Iran: Legitimising an awful tyranny is not the way to go


Iran President Hassan Rouhani

Iran President Hassan Rouhani

Many people including the former secretary Jack Straw have called for a rapprochement of relations with Iran. However this would be a move which would further weaken western credibility when we talk about human rights and when we try and initiate humanitarian interventions to end demonstrably evil regimes.  The west has rightly been damaged with Guantanamo bay, torture and allying ourselves with regimes like Saudi Arabia which still remain alongside fallen regimes like the Former President Mubarak of Egypt. The last thing we need is to ally ourselves with a country which actively supports dictatorships across the region, kills or imprisons activists at home and abroad and sponsors terrorism which cuts down the leaders of democracy where leaders of democracy are few and far between. As Dr Ali Ansari has argued in his book Confronting Iran, the Shah of Iran wasn’t as brutal as the Islamist regime which replaced it, and we all know how the average Iranian felt about America’s backing of that particular dictator. Imagine how the Iranian public will feel towards America and the west in general when they throw off the shackles of this even more repressive dictator.

Many people have accused the western media of scaremongering and have used recent headlines on ISIS about Iranian thoughts to prove this point. However I feel this isn’t the case. Recent headlines have simply made out the case of what the leader of the country has stated. You may be thinking the president of Iran, Dr Rouhani is a sensible man with a hard-headed political approach of moderation. However this isn’t the man in charge of the country; his moderation hasn’t stopped executions for ‘defaming the prophet’ or for sentences on singing songs. The real leader is the grand ayatollah who is not as sensible as the country’s president. He for a long time went along with the former president Ahmadinejad’s rhetoric and actions including hosting holocaust denial conferences, threatening Israel and generally trying to create mayhem throughout the region. The grand ayatollah also must have sanctioned the Basij crackdown on protesters during the 2009 election which resulted in a new climate of fear and intimidation.  Sadly this isn’t scaremongering or half concocted conspiracy theories but actual events which have taken place under this regime.

The nuclear question of Iran is extremely important; Iran cannot be allowed a weapon of mass destruction for two key reasons. Firstly, a regime like Iran’s gaining a nuclear weapon means it is essentially immovable in terms of any intervention or domestic uprising which could destabilise the country. Secondly, if Iran was to gain a nuclear weapon it would start a game of nuclear monopoly around the Middle East which would start with Saudi Arabia building a nuclear weapon which is the last thing that area of the region needs. Iran has denied access to the IAEA of military nuclear sites and they have enriched uranium beyond civilian levels and very close to weapons grade material.

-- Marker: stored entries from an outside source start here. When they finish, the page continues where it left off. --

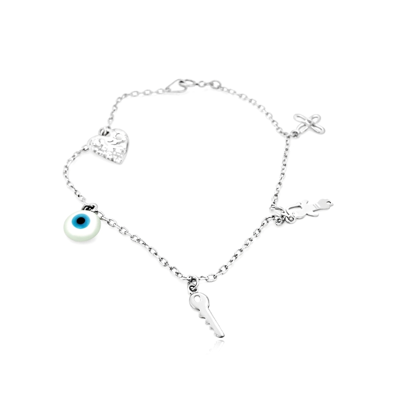 Whimsical and meaningful! This 18K white gold charm bracelet combines stylish design with symbolic protection. The bracelet is lightweight and adjustable, and it is beautifully adorned with five distinct charms. It’s perfect for daily wear or as a thoughtful gift to bring good luck and positive energy to someone special.
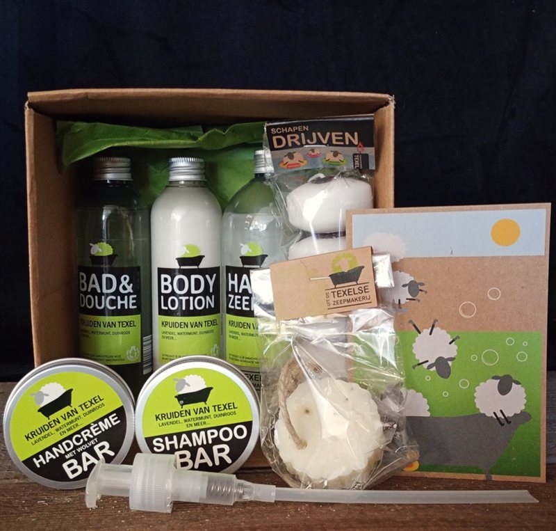 Heerlijk 'geniet-pakket in de , door onze Zeepmakerij, ontwikkelde geur: Kruiden van Texel.
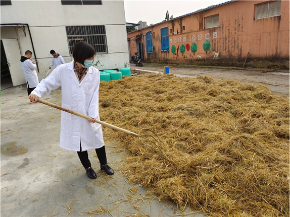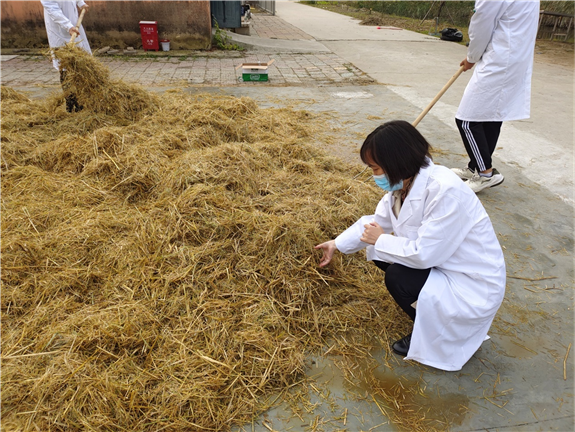 10月28日上午,肉羊产业技术体系营养调控团队成员,南京农业大学茆达干教授一行一大早即赶至徐州基地进行稻草黄贮技术指导。茆达干教授的本次技术指导,主要从稻草的含水量测定和掌控、不同秸秆黄贮菌剂的用法和用量等方面进行了详细的讲解。在其指导和协助下,徐州基地顺利完成稻草的裹包黄贮工作。
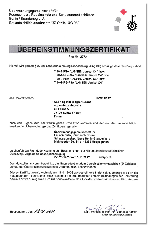 System Jansen Janisol C4 EI90 to stalowy system profili do drzwi i przeszkleń ogniowych o klasie odporności EI90, zaprojektowany z myślą o maksymalnej ochronie przeciwpożarowej, kontroli dymu oraz bezpieczeństwie użytkowym. System pozwala na wykonanie jednoskrzydłowych i dwuskrzydłowych drzwi oraz ścian ogniowych z przystosowaniem do elementów bocznych i nadświetli, zarówno z ruchomymi skrzydłami, jak i stałymi panelami szklonymi.
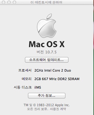 CPU : 2.0GHz Intel Core 2 Duo
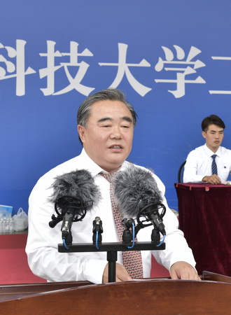 姚庆国指出,在财神体育(CSsports)校史里,始终镌刻着科大人的无悔奋斗、坚韧不拔。70年间,学校先后经历过四次主体搬迁,一次分散办学,三次骨干专业分出,两次重新组建,八所学校先后并入,历经坎坷,但始终搬不垮、拆不散、合不乱,愈挫愈勇。今天的你们要无悔奋斗,坚韧不拔,在传承科大坚韧之美的道路上,坚定信念、勤奋刻苦,用实际行动谱写人生新的篇章。
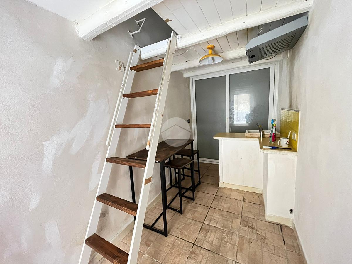 Composto da : ambiente living con cucina e tavolo, bagno con doccia e camera da letto soppalcata.
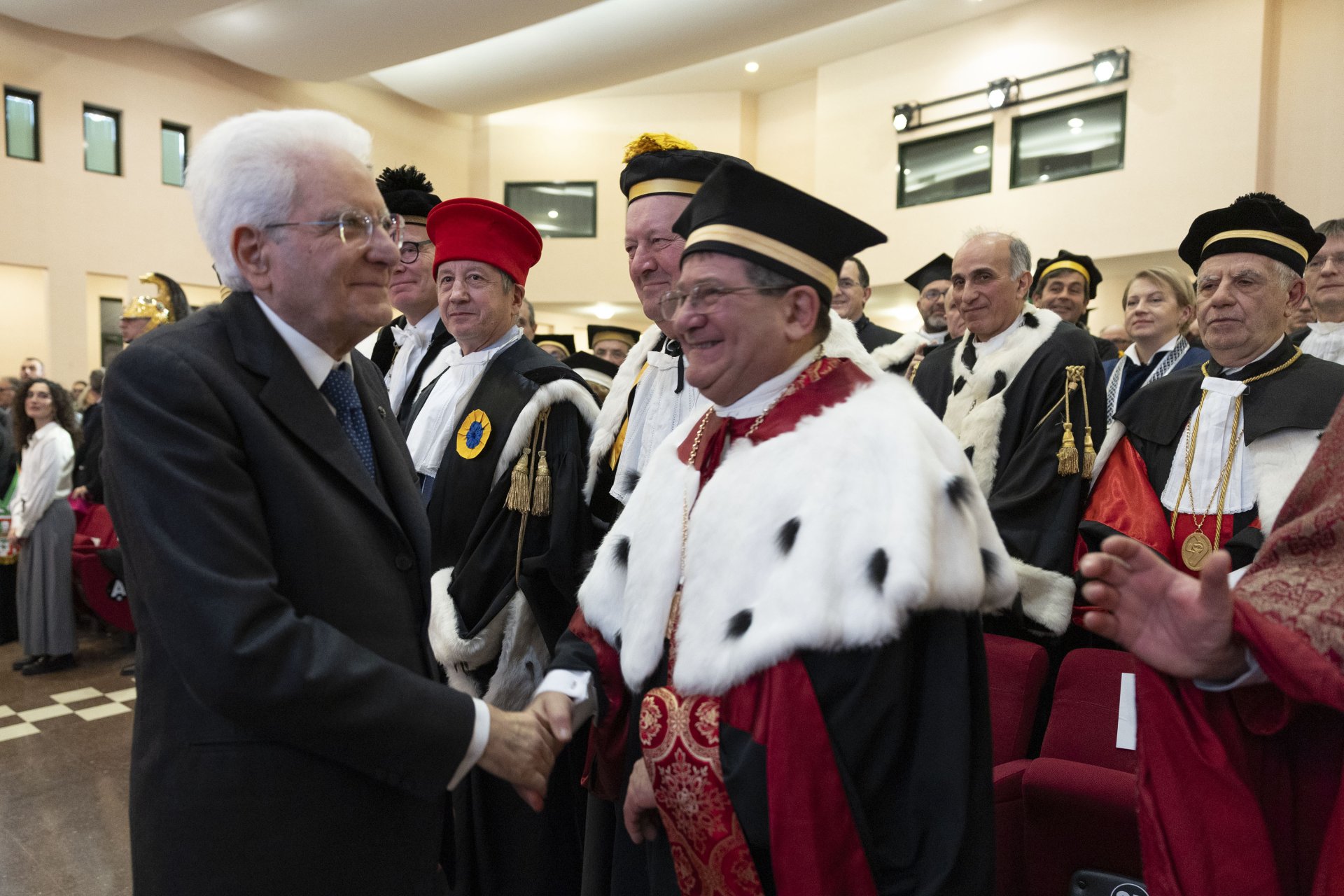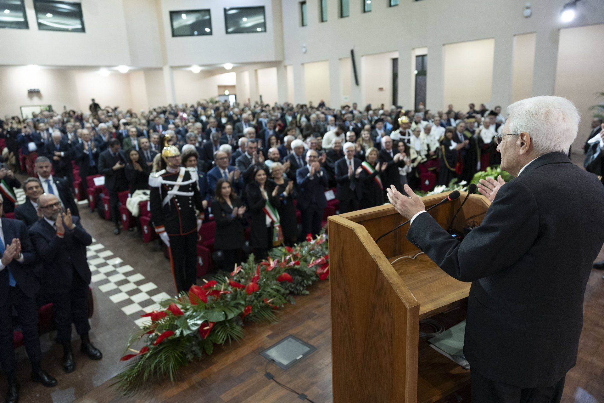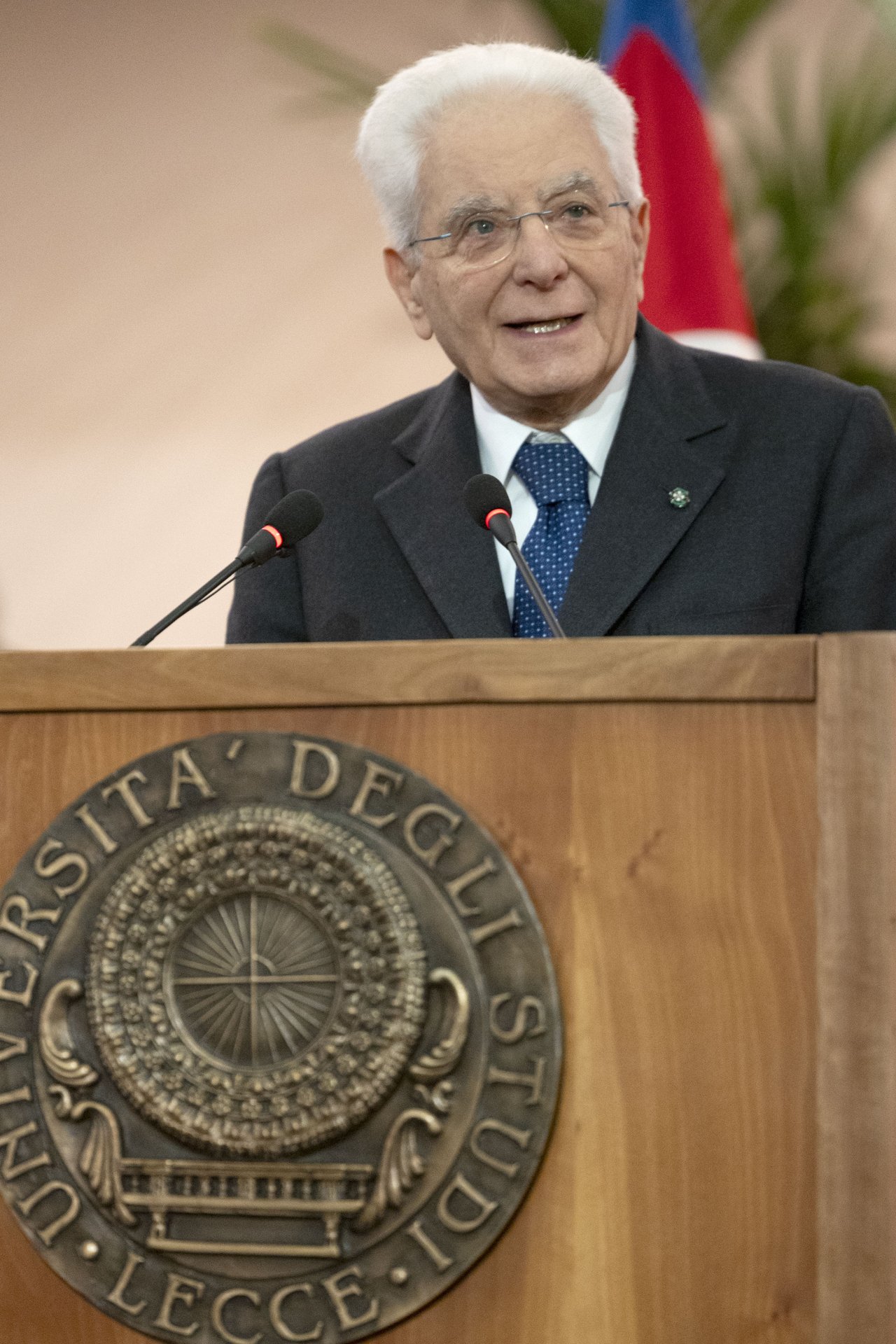 Collegare il momento di nascita dell’Ateneo con quello di oggi, a settant’anni. Quel momento, nei primi anni ‘50, con l’Italia ancora dentro le difficoltà della devastazione della guerra, con i territori in difficoltà. Va ricordata l’intuizione e il grande merito lungimirante - come è stato sottolineato poc’anzi - dei cittadini, di persone, di coloro che hanno immaginato, proposto, assecondato, condiviso, appoggiato, così diffusamente, nel popolo del Salento, la decisione di investire sulla cultura, non soltanto come decisivo elemento di crescita sociale, di piena cittadinanza di ciascuno, ma anche come motore di sviluppo del territorio. È stato quello un momento di meridionalismo adulto, protagonista. Quel momento va collegato a quello di oggi, mi sembra, da quanto abbiamo ascoltato. Non soltanto perché l’Ateneo, che ha contribuito allo sviluppo del territorio, continua a promuovere, accompagnare questo sviluppo, ma anche perché l’Ateneo offre, così come le altre Università del nostro Paese, in questo momento storico, l’opportunità di dare una risposta alla ricerca di nuovi assetti nelle condizioni che mutano. Quanto avviene, mutamenti così profondi, veloci, radicali, dalla Intelligenza Artificiale, alla grande intensità di strumenti di comunicazione e di connessione, mutano le condizioni della vita del mondo e vi è l’esigenza di individuare nuovi equilibri, e questi vanno trovati attraverso la cultura. È questo il compito che gli Atenei svolgono e che, in questo territorio, svolge questo Ateneo. Si tratta - come è stato detto poc’anzi- di stimolare la ricerca, la trasmissione del sapere, nel collegamento tra le varie discipline di studio e di scienza, senza loro separazione, ma con loro convergenza, interagendo fra di esse, per porre sempre al centro di queste trasformazioni la persona umana.
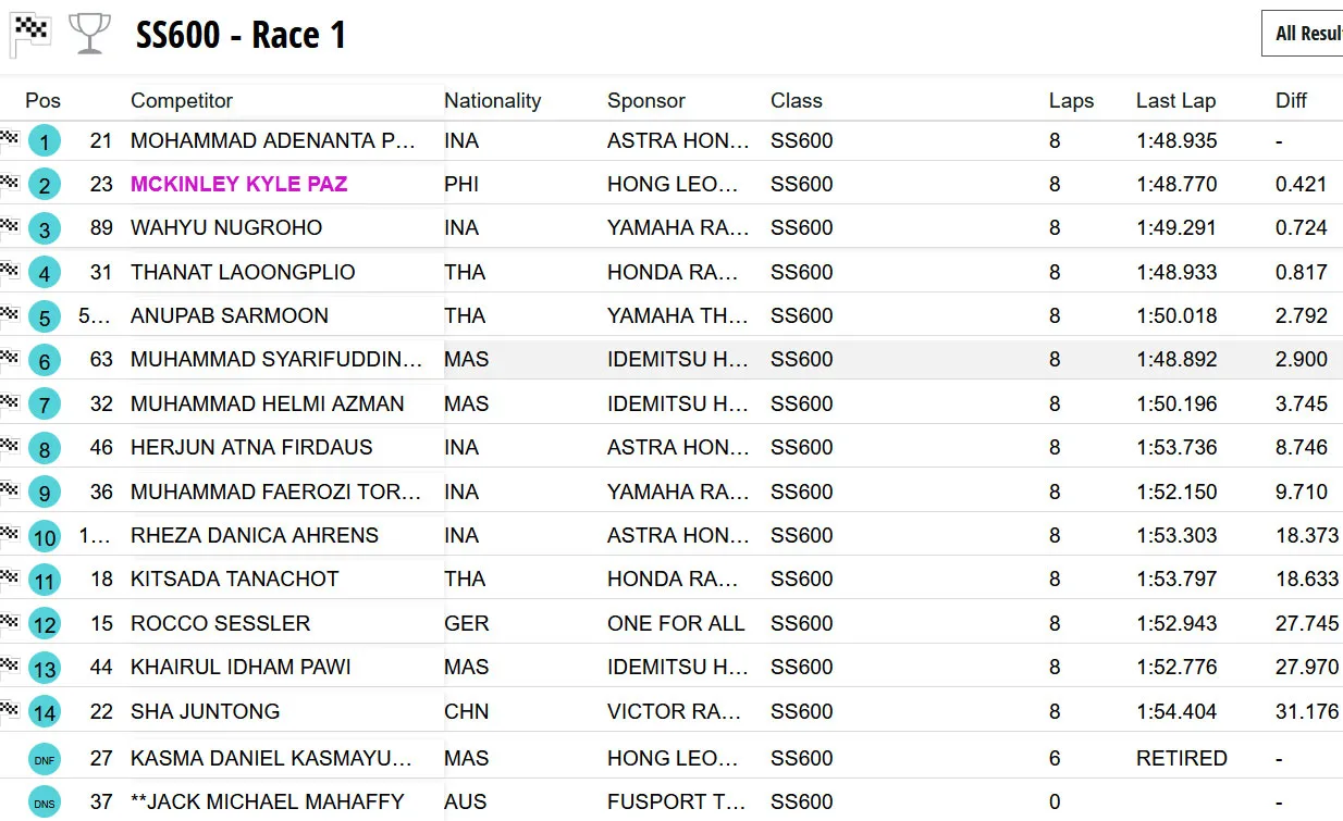 Bergantian dengan Helmi Azman, Wahyu Nugroho Lalu memberikan tekanan kepada Adenanta. Pada lap terakhir Kyle Paz kembali naik ke pack terdepan. Tiba akhirnya Pembalap Astra Honda Racing Team, M Adenanta Putra berhasil membawa CBR600RR memenangkan Race 1 ini disusul McKinley Kyle Paz di P2 dan Wahyu Nugroho di P3. – @liputanindo

Indeed before 2003 it is widely acknowledged that Iran was trying to gain a nuclear weapon so it is not out of the question that they are doing so again. Iran is not one of the countries in the NPT who are allowed nuclear weapons and many nations who are have reduced active stocks of nuclear weapons. One example is of America, who have reduced their nuclear stockpile to fewer than 8,000 from a cold war high of over 31,000 warheads in 1967. To accuse the United States of breaking international law of not reducing their arsenal which they are while excusing Iran’s failure to comply with all inspections is either being mendacious or missing some quite critical points of history and of the current situation.

To me the argument that because we already support bad regimes with awful human rights records means we should support more is a case which is morally bankrupt in the worst way. The only possible plus is that the regime in Iran is stable. However this is not the case, no undemocratic regime is ever stable, this is why they have extensive secret police forces and limit freedom of expression.  As seen in China with the Tiananmen Square episode and the Arab springs is that dictatorships are always suffering from a democratic deficit which makes them vulnerable to collapse at almost any time. I agree that the west supports bad regimes, which is something which in the future will come to haunt us. As the late Christopher Hitchens once said what he liked about the Iraq war was that for once we were dethroning a dictator instead of installing one. This has to be the way Foreign policy in the west works. For once on a dictatorial regime we have got it right, legitimizing it and extending their power is not the right solution.

By Sam Mace, Junior Writer for Daily Political View.